With pictures left out, extract every line between the start of the records below and the line holding "A really great", inclusive.
··· AVAILABLE DATA ···
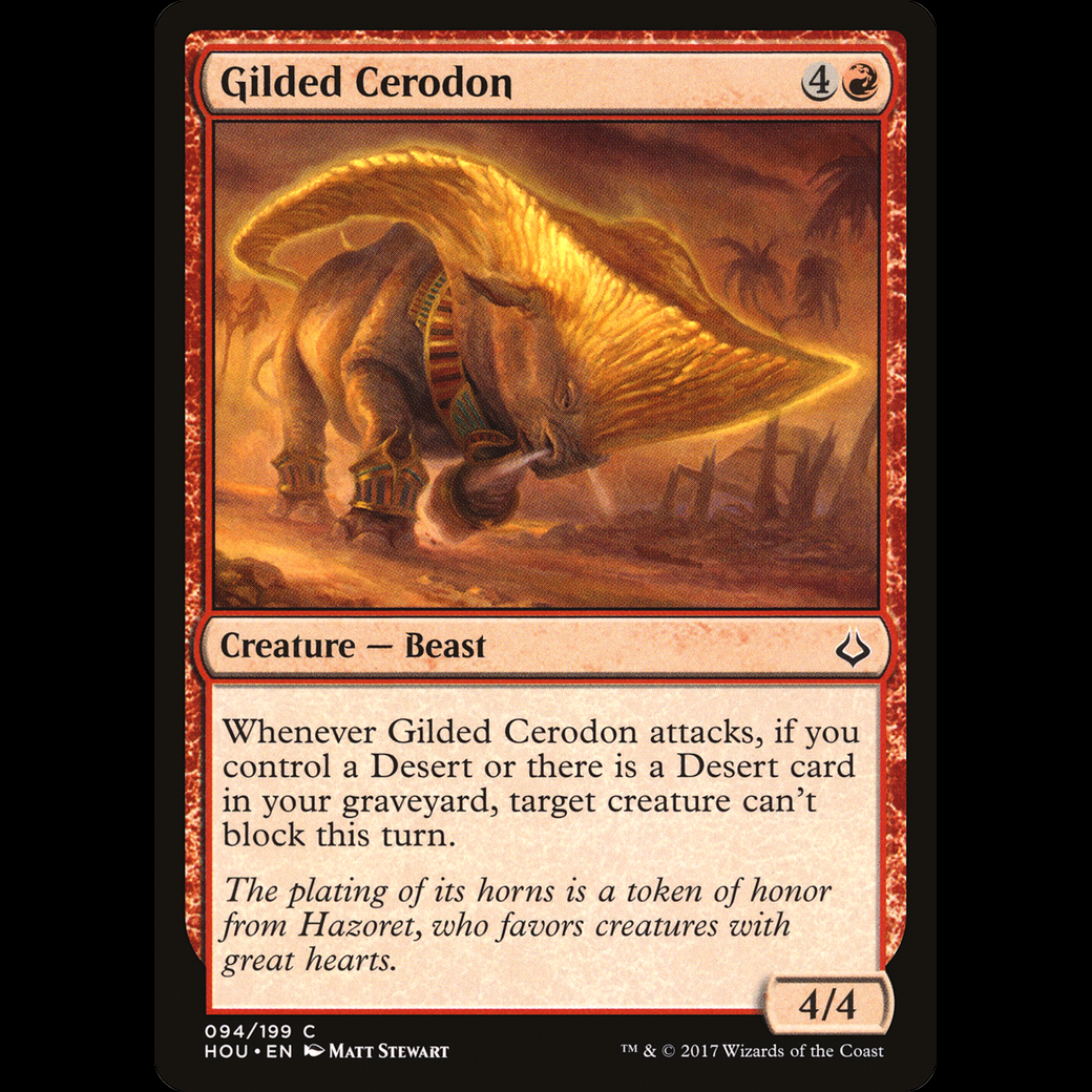 Whenever Gilded Cerodon attacks, if you control a Desert or there is a Desert card in your graveyard, target creature can't block this turn.
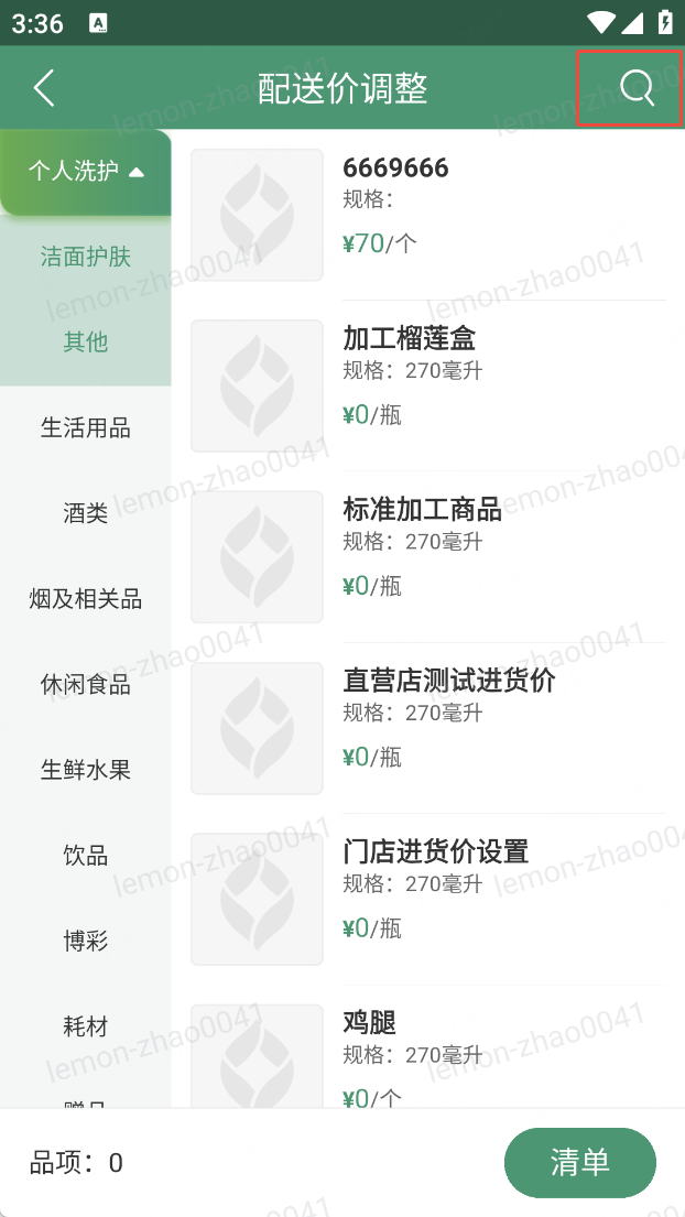 添加调价商品。也可点击左上角“放大镜”快速查找商品。然后设置商品的配送价,点击确定。
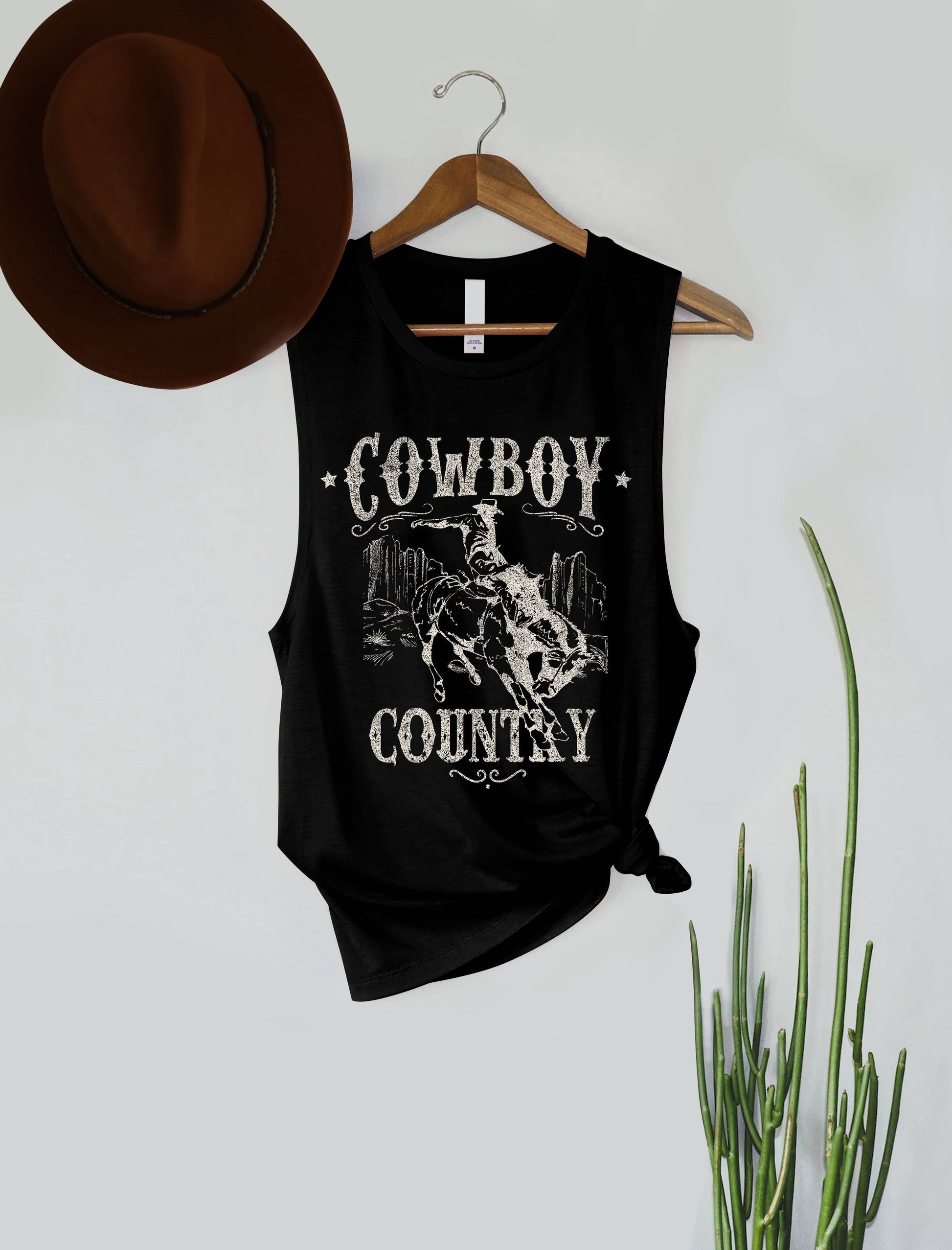 Saddle up in style with our Women's "Cowboy Country" Western Tank, designed for the bold and free-spirited. Featuring vintage-inspired cowboy artwork and Cowboy Country lettering, this tank brings a modern edge to classic Western flair.
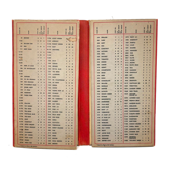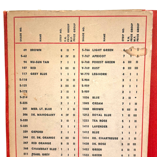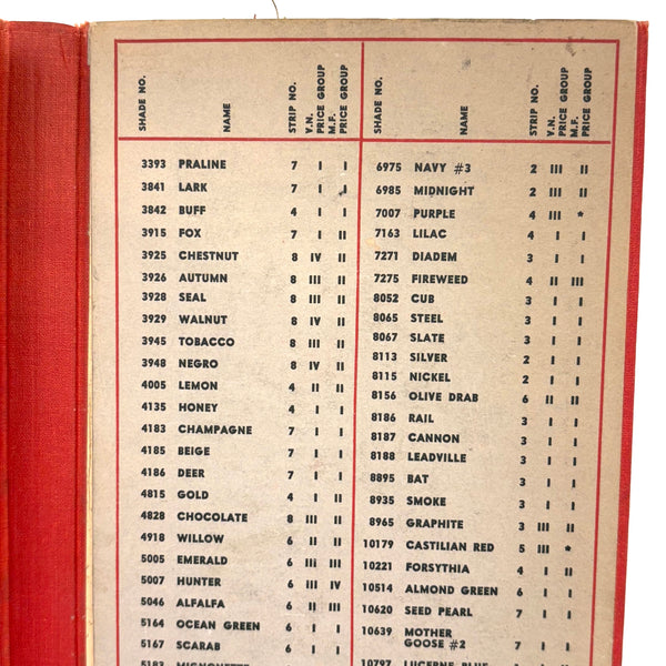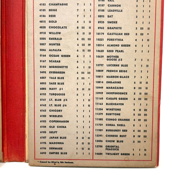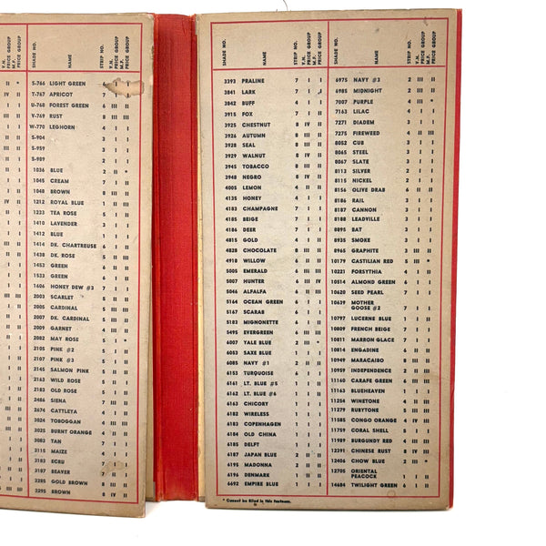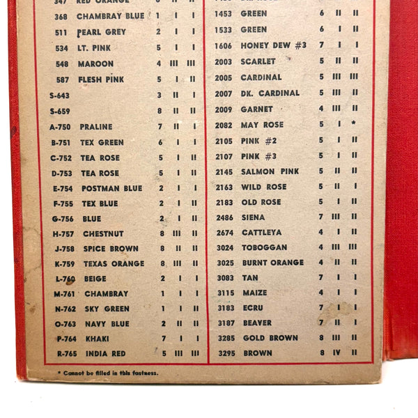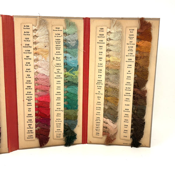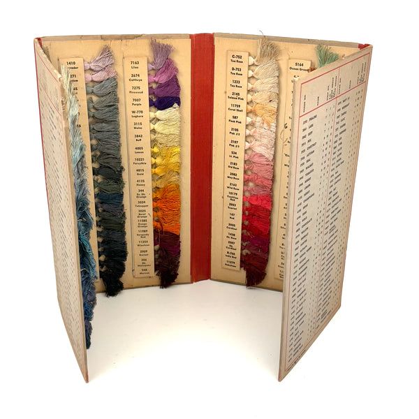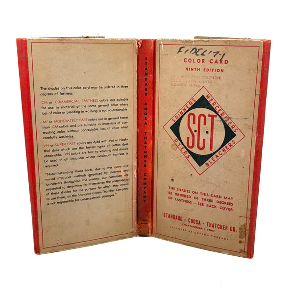A really great thread dye color card--though card seems an understatement, more like a portfolio, with a full spectrum of 160 colors represented. With a fat tassel of cotton thread for each shade, the name of the color printed next to it, and then a full list of the colors on the reverse sides with pricing category codes. This was produced by Standard Coosa Thatcher (SCT) Co., Chattanooga, Tennessee--a textile corporation founded in Piedmont, Alabama in 1891, publicly traded beginning in 1922, and significant for its endurance for nearly a century, with expansion throughout the Southeast and Western US. Its first mills were built in 1916, and in 2015 its remaining mills were added to the National Resister of Historic Places there. I believe this dates to the 1920s-40s.
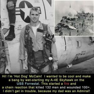 All that aside, McCain did not initiate the fire that claimed 164 lives onboard USS Forrestal on July 29, 1967. The attached meme states that McCain was showing off, and caused a wet start which in turn started the fire that turned into a tragedy.
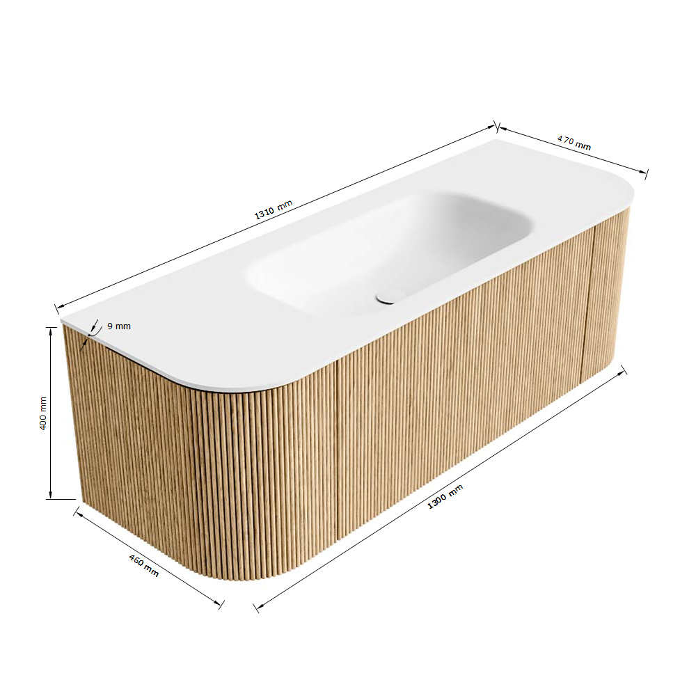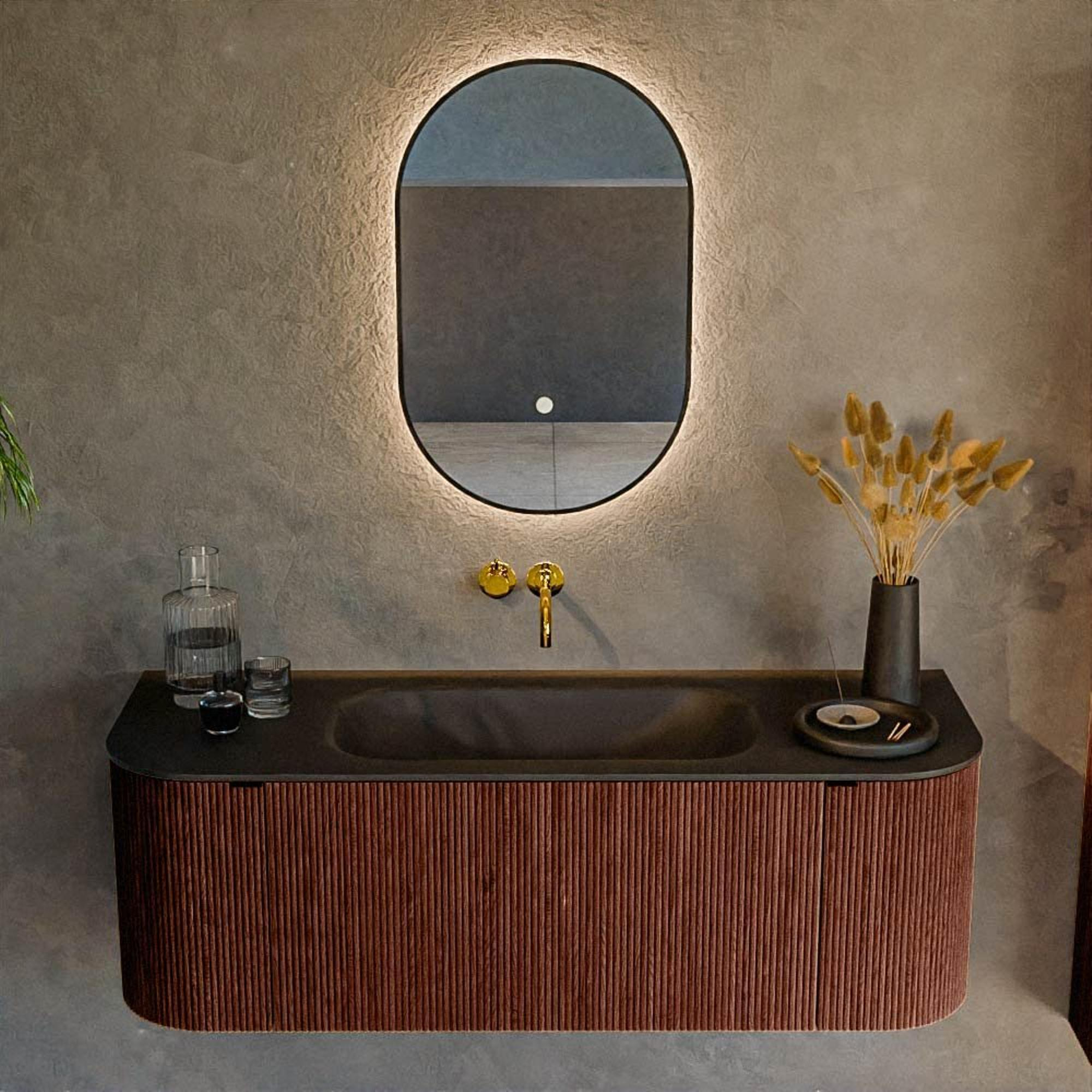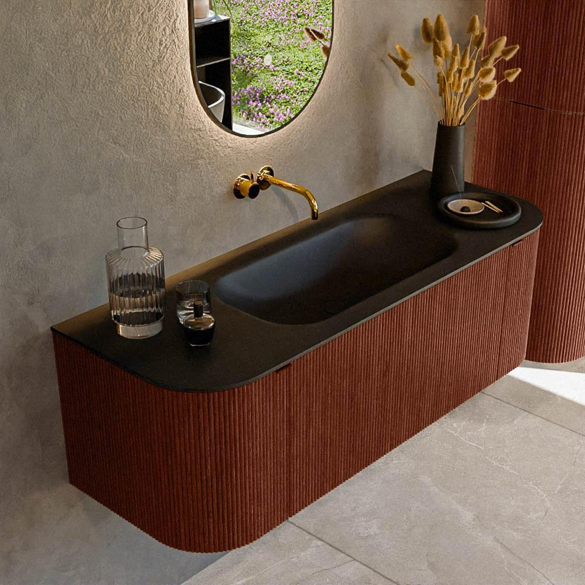 Mondiaz KURVE Badkamermeubelset - 130x46x40cm - 1 lade - 2 deuren - wastafel solid surface - midden - zonder kraangat - Ruby
···
**WRITTEN SOLUTION**
 Whenever Gilded Cerodon attacks, if you control a Desert or there is a Desert card in your graveyard, target creature can't block this turn.
 添加调价商品。也可点击左上角“放大镜”快速查找商品。然后设置商品的配送价,点击确定。
 Saddle up in style with our Women's "Cowboy Country" Western Tank, designed for the bold and free-spirited. Featuring vintage-inspired cowboy artwork and Cowboy Country lettering, this tank brings a modern edge to classic Western flair.
A really great thread dye color card--though card seems an understatement, more like a portfolio, with a full spectrum of 160 colors represented. With a fat tassel of cotton thread for each shade, the name of the color printed next to it, and then a full list of the colors on the reverse sides with pricing category codes. This was produced by Standard Coosa Thatcher (SCT) Co., Chattanooga, Tennessee--a textile corporation founded in Piedmont, Alabama in 1891, publicly traded beginning in 1922, and significant for its endurance for nearly a century, with expansion throughout the Southeast and Western US. Its first mills were built in 1916, and in 2015 its remaining mills were added to the National Resister of Historic Places there. I believe this dates to the 1920s-40s.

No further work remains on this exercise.